======== EXCERPTED RECORDS ========
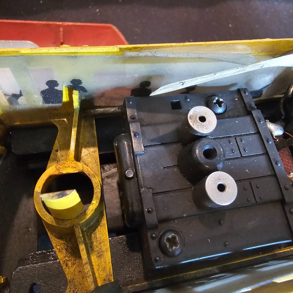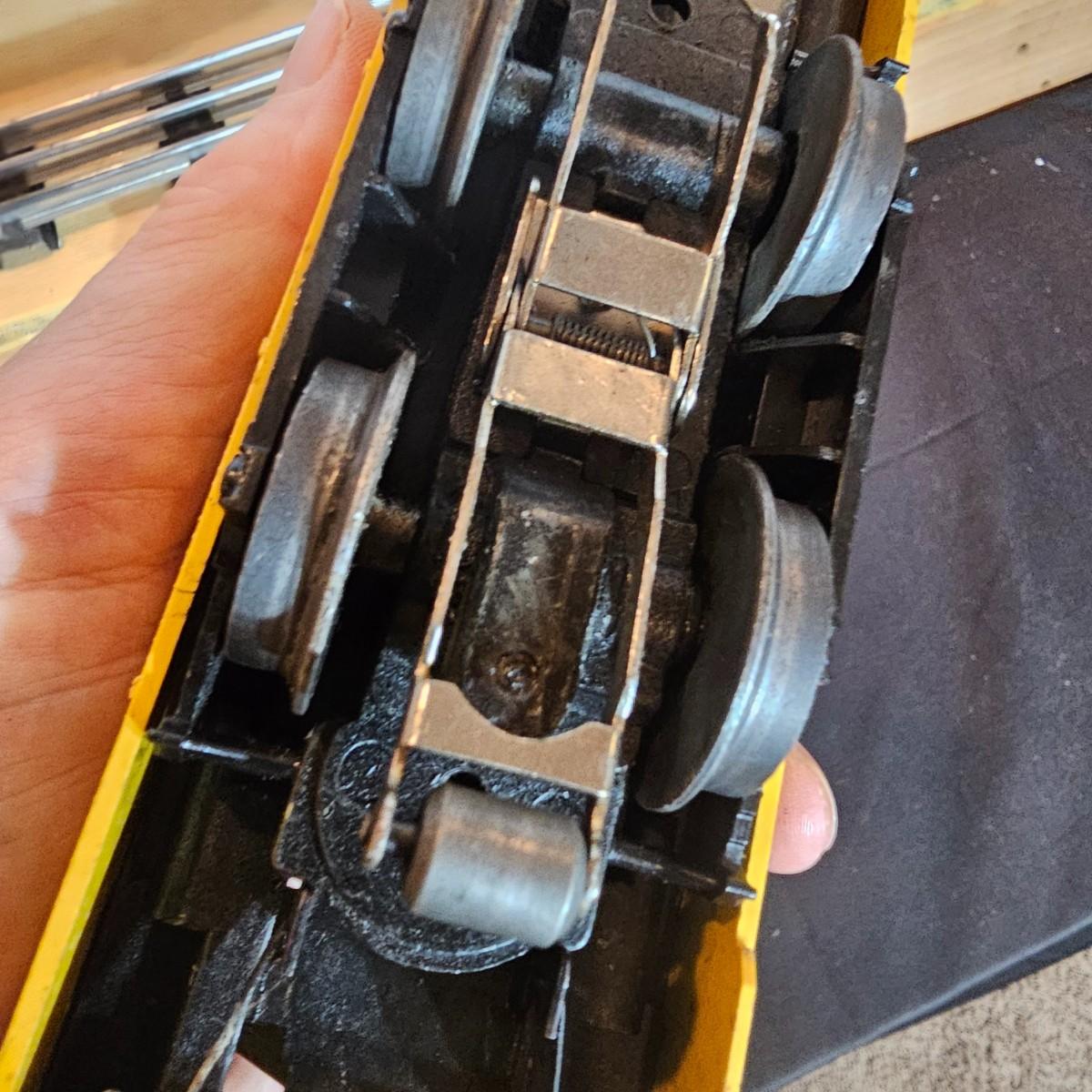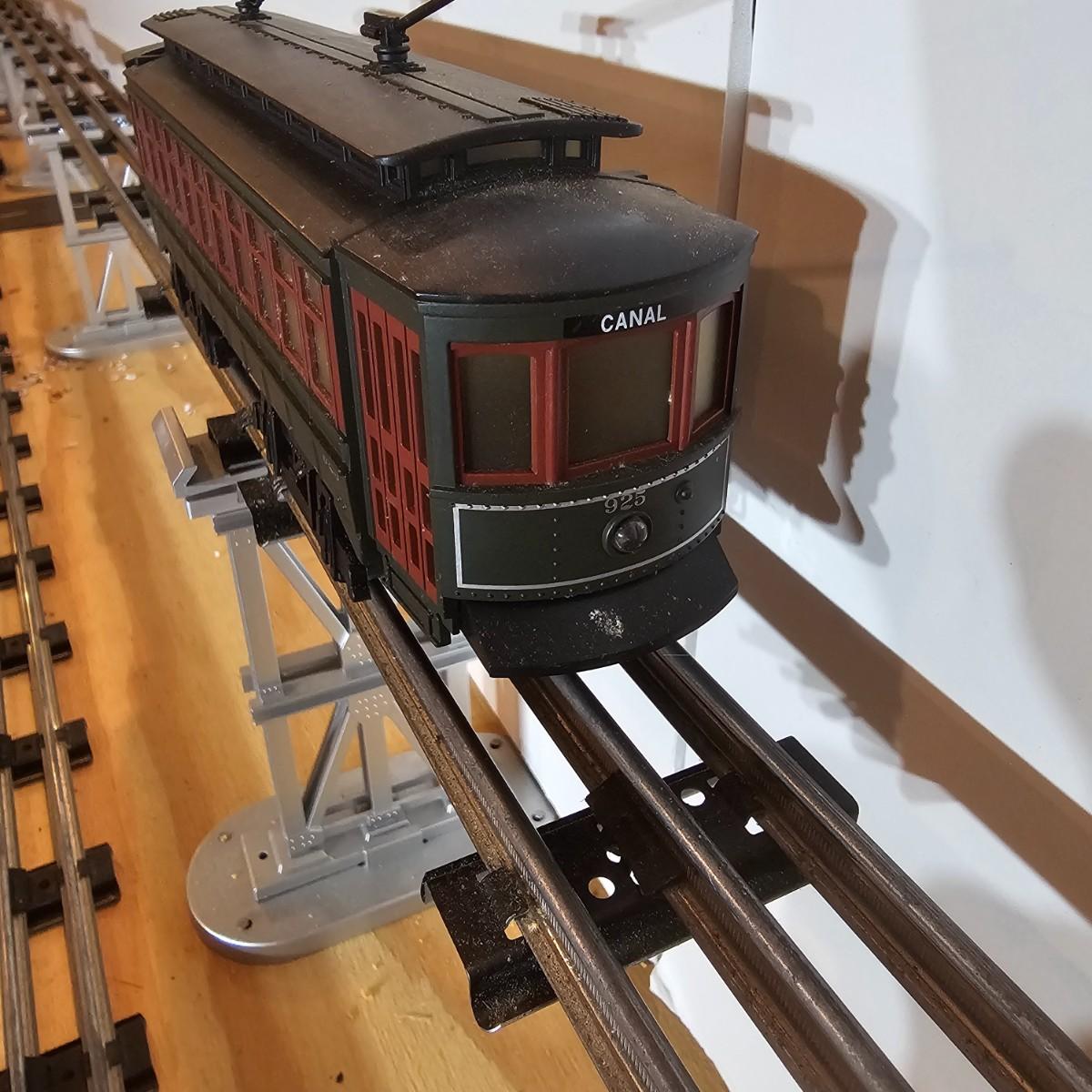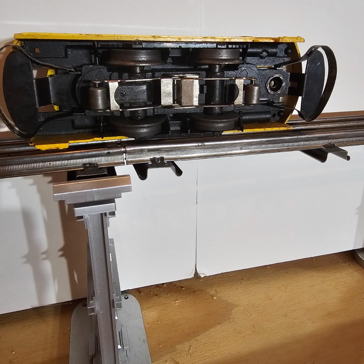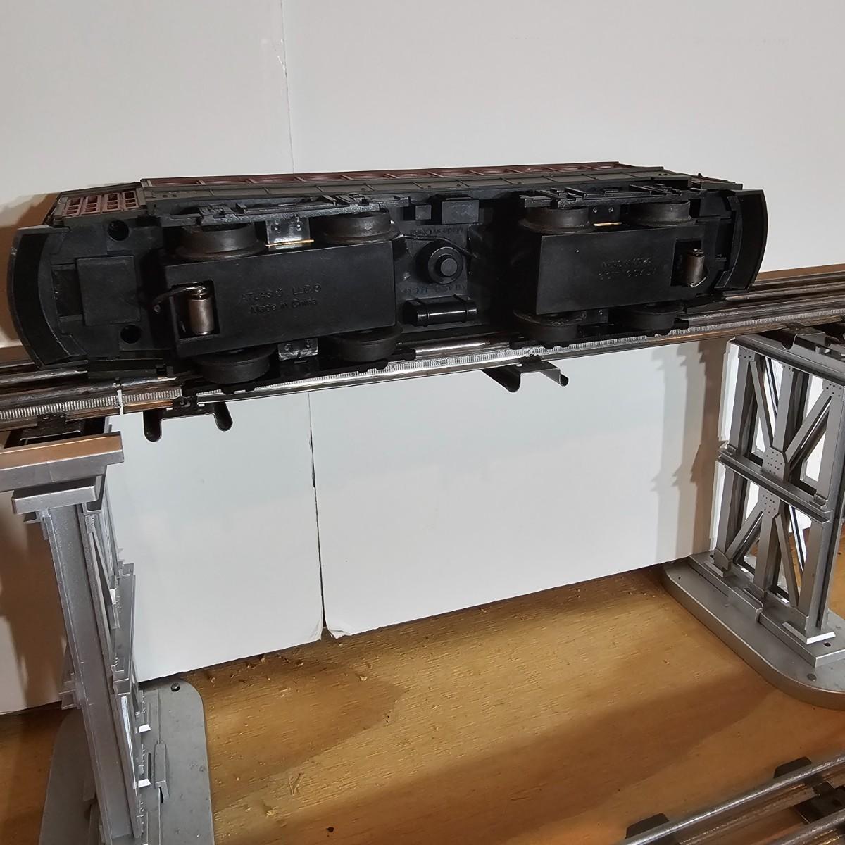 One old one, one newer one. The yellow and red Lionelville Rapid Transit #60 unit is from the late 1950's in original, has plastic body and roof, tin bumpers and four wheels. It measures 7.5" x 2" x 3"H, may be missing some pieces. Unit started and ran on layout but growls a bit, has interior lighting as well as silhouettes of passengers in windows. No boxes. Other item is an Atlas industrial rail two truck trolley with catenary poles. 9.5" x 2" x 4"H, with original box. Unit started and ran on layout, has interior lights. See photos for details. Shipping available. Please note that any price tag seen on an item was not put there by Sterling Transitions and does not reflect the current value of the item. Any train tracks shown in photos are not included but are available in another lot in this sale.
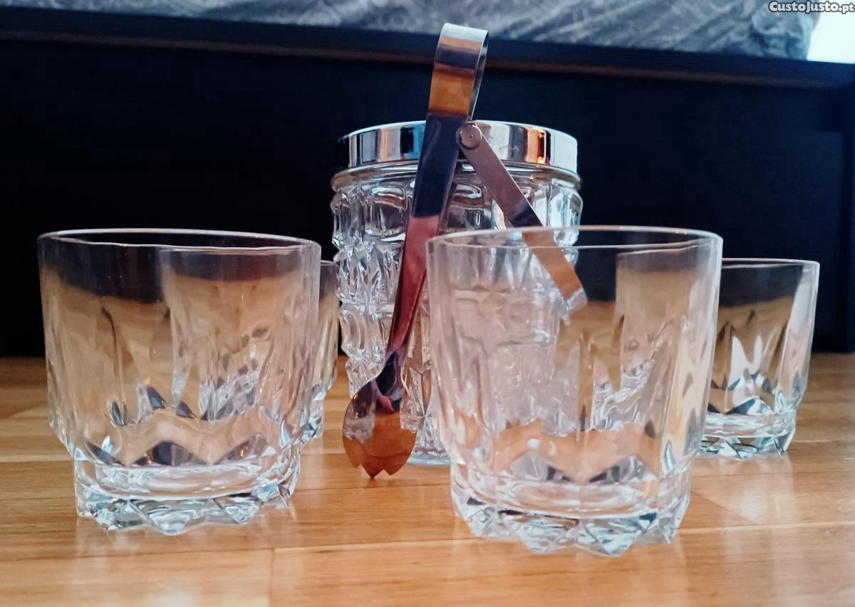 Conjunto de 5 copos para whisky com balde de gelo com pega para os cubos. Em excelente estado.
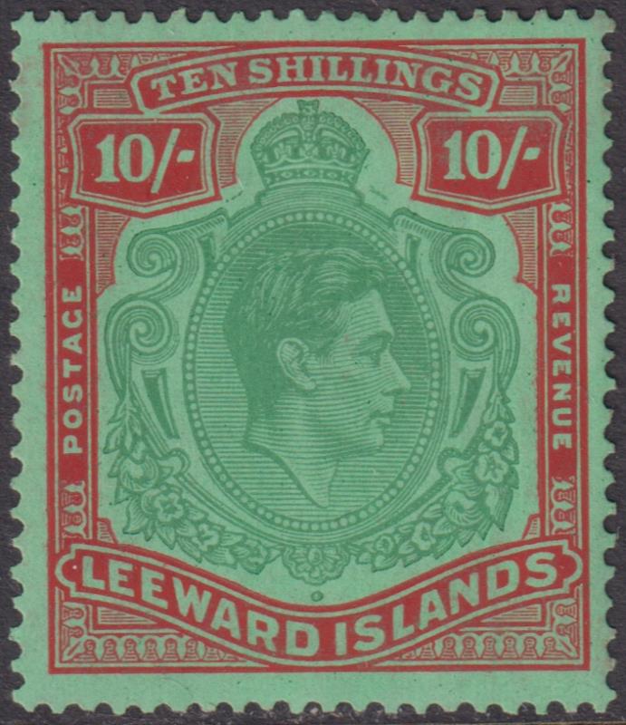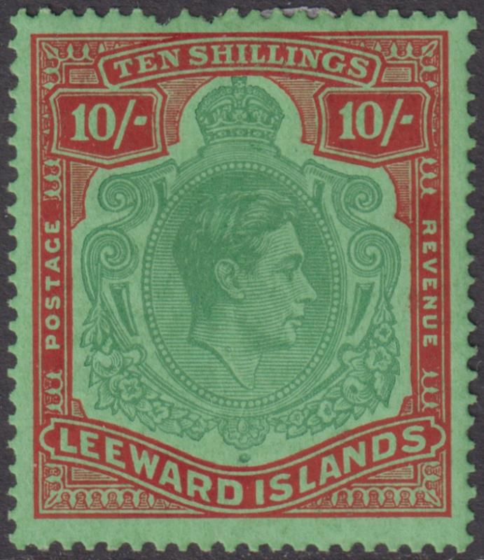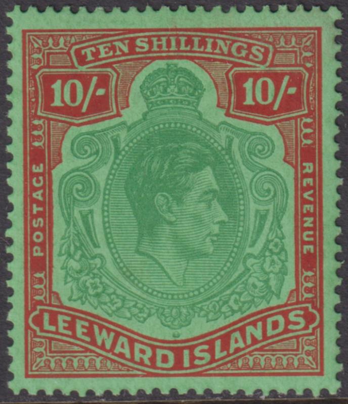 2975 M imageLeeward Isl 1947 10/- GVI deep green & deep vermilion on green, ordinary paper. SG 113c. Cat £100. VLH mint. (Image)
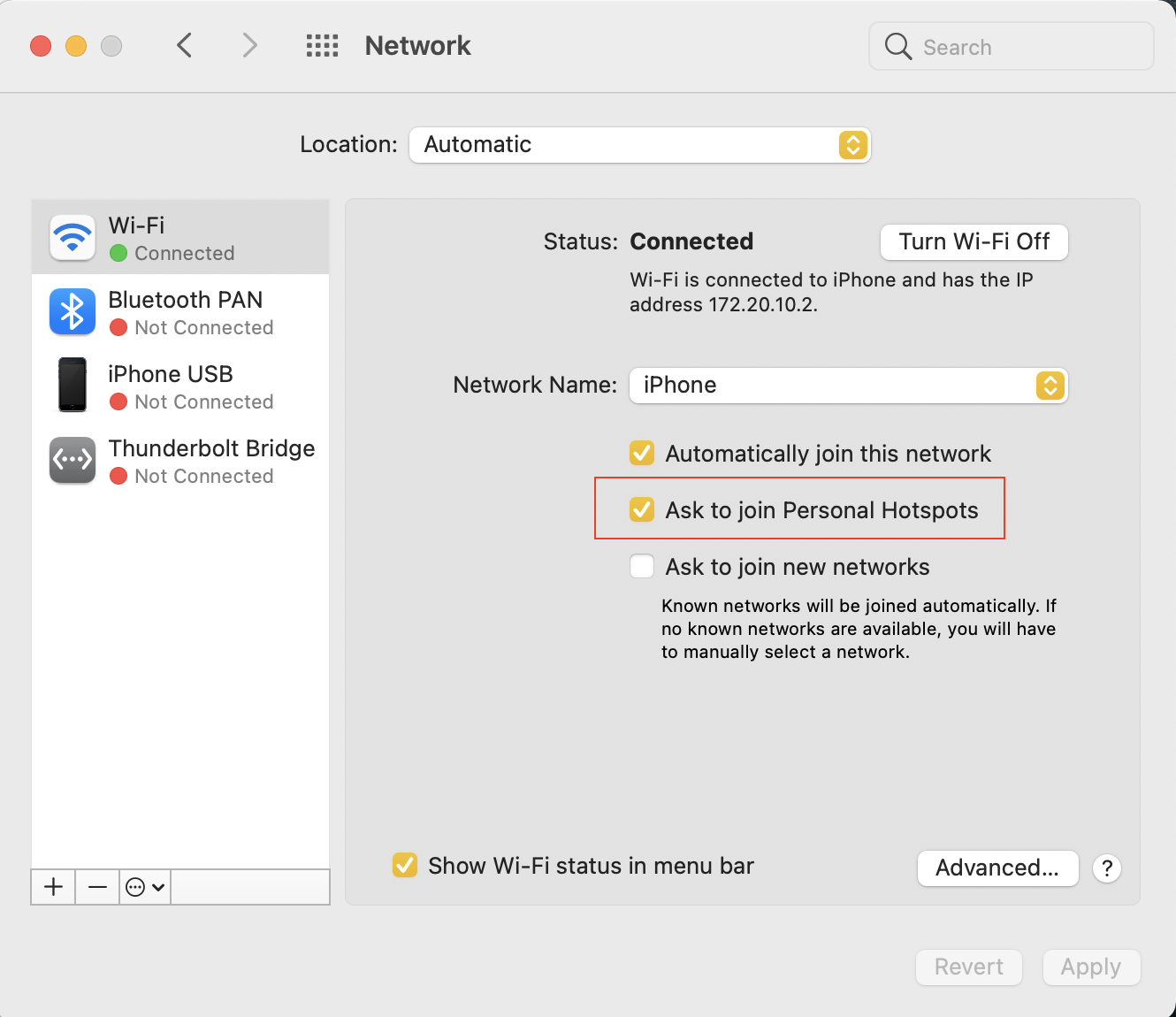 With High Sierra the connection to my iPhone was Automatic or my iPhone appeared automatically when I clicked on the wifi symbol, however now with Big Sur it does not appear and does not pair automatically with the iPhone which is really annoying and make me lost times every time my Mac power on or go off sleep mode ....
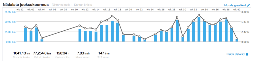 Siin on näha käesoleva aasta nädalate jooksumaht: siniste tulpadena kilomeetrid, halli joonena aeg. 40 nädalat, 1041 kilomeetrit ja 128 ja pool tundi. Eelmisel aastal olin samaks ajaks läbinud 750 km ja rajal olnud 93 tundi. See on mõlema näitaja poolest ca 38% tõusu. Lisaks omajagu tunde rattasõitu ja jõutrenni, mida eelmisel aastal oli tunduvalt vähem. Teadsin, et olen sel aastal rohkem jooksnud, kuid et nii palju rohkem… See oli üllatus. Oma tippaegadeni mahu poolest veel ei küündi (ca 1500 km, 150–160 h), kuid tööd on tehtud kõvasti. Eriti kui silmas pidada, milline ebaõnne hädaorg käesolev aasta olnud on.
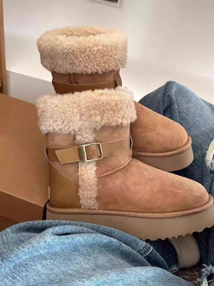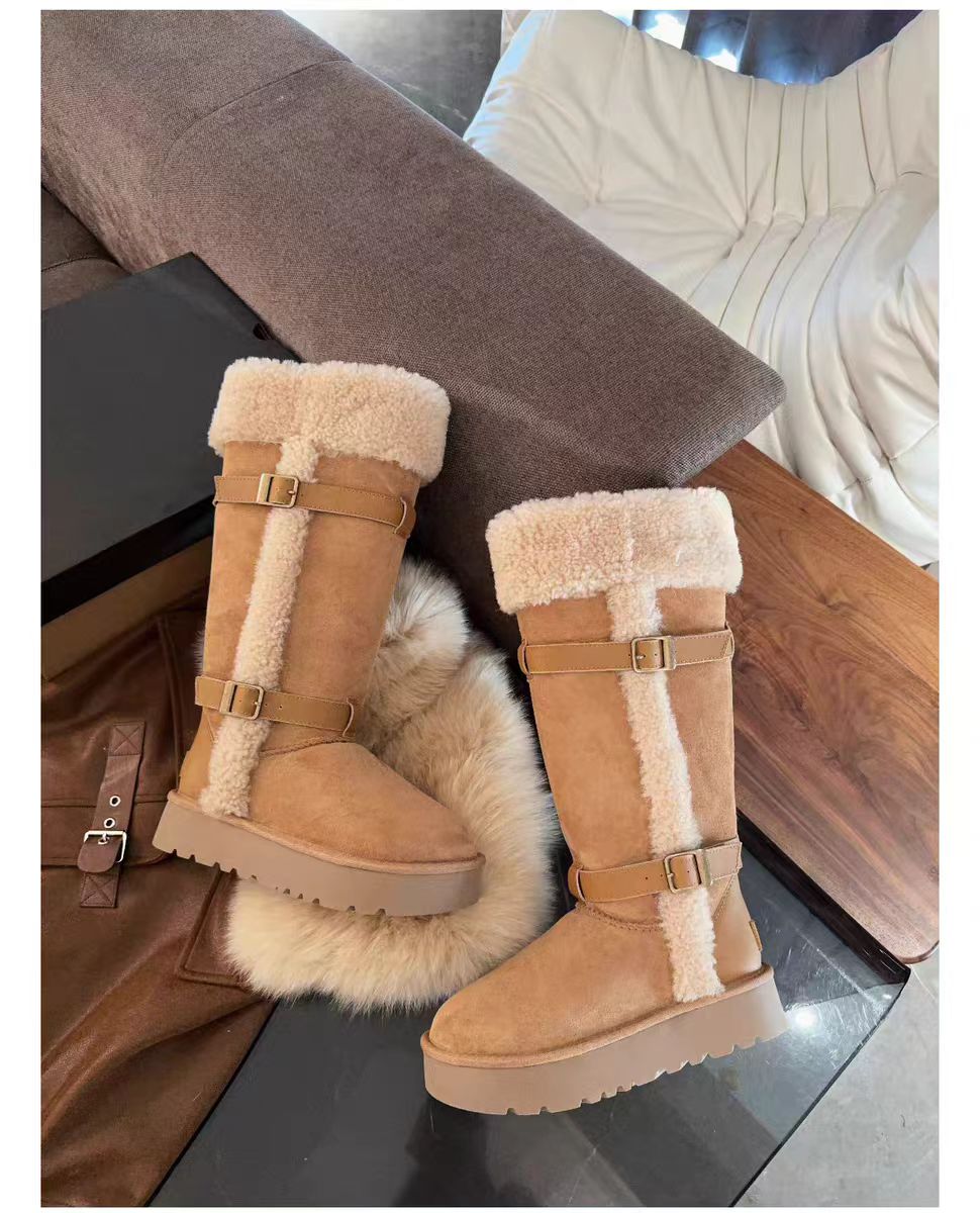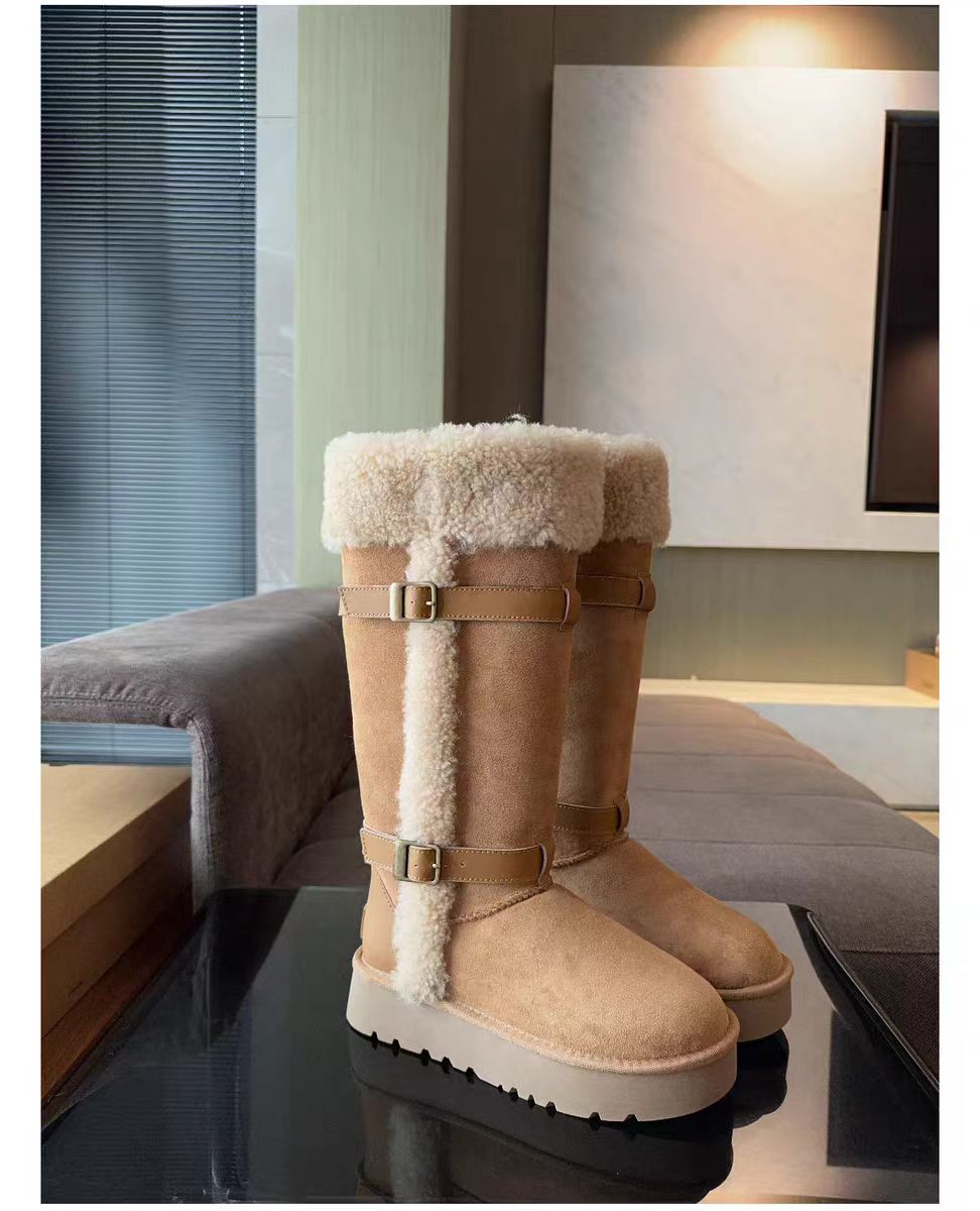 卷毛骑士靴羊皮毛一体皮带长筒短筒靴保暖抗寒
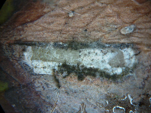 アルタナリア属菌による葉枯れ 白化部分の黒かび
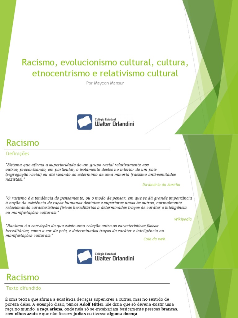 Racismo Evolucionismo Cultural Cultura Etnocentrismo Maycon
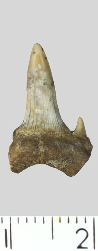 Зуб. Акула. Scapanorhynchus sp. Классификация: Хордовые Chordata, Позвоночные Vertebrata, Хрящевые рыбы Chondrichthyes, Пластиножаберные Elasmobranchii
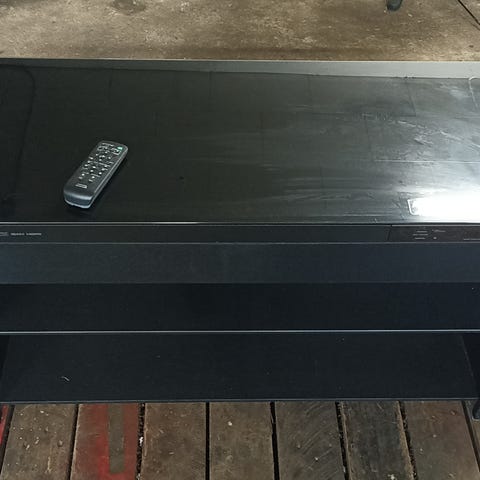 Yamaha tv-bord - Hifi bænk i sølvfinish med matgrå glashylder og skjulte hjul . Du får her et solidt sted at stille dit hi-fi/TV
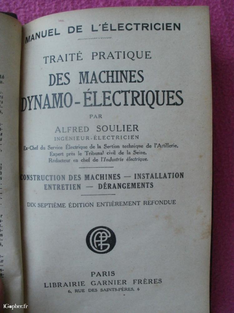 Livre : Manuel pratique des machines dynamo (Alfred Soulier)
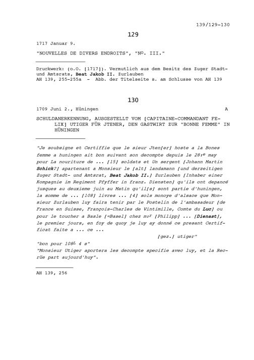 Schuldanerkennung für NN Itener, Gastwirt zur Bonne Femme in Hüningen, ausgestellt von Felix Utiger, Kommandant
========
YOUR ASSIGNMENT:
Begin with the line containing "Conjunto de 5" and end with the last line of the entries above. Copy those lines exactly, both ends included, and drop every picture.

REPLY:
 Conjunto de 5 copos para whisky com balde de gelo com pega para os cubos. Em excelente estado.
 2975 M imageLeeward Isl 1947 10/- GVI deep green & deep vermilion on green, ordinary paper. SG 113c. Cat £100. VLH mint. (Image)
 With High Sierra the connection to my iPhone was Automatic or my iPhone appeared automatically when I clicked on the wifi symbol, however now with Big Sur it does not appear and does not pair automatically with the iPhone which is really annoying and make me lost times every time my Mac power on or go off sleep mode ....
 Siin on näha käesoleva aasta nädalate jooksumaht: siniste tulpadena kilomeetrid, halli joonena aeg. 40 nädalat, 1041 kilomeetrit ja 128 ja pool tundi. Eelmisel aastal olin samaks ajaks läbinud 750 km ja rajal olnud 93 tundi. See on mõlema näitaja poolest ca 38% tõusu. Lisaks omajagu tunde rattasõitu ja jõutrenni, mida eelmisel aastal oli tunduvalt vähem. Teadsin, et olen sel aastal rohkem jooksnud, kuid et nii palju rohkem… See oli üllatus. Oma tippaegadeni mahu poolest veel ei küündi (ca 1500 km, 150–160 h), kuid tööd on tehtud kõvasti. Eriti kui silmas pidada, milline ebaõnne hädaorg käesolev aasta olnud on.
 卷毛骑士靴羊皮毛一体皮带长筒短筒靴保暖抗寒
 アルタナリア属菌による葉枯れ 白化部分の黒かび
 Racismo Evolucionismo Cultural Cultura Etnocentrismo Maycon
 Зуб. Акула. Scapanorhynchus sp. Классификация: Хордовые Chordata, Позвоночные Vertebrata, Хрящевые рыбы Chondrichthyes, Пластиножаберные Elasmobranchii
 Yamaha tv-bord - Hifi bænk i sølvfinish med matgrå glashylder og skjulte hjul . Du får her et solidt sted at stille dit hi-fi/TV
 Livre : Manuel pratique des machines dynamo (Alfred Soulier)
 Schuldanerkennung für NN Itener, Gastwirt zur Bonne Femme in Hüningen, ausgestellt von Felix Utiger, Kommandant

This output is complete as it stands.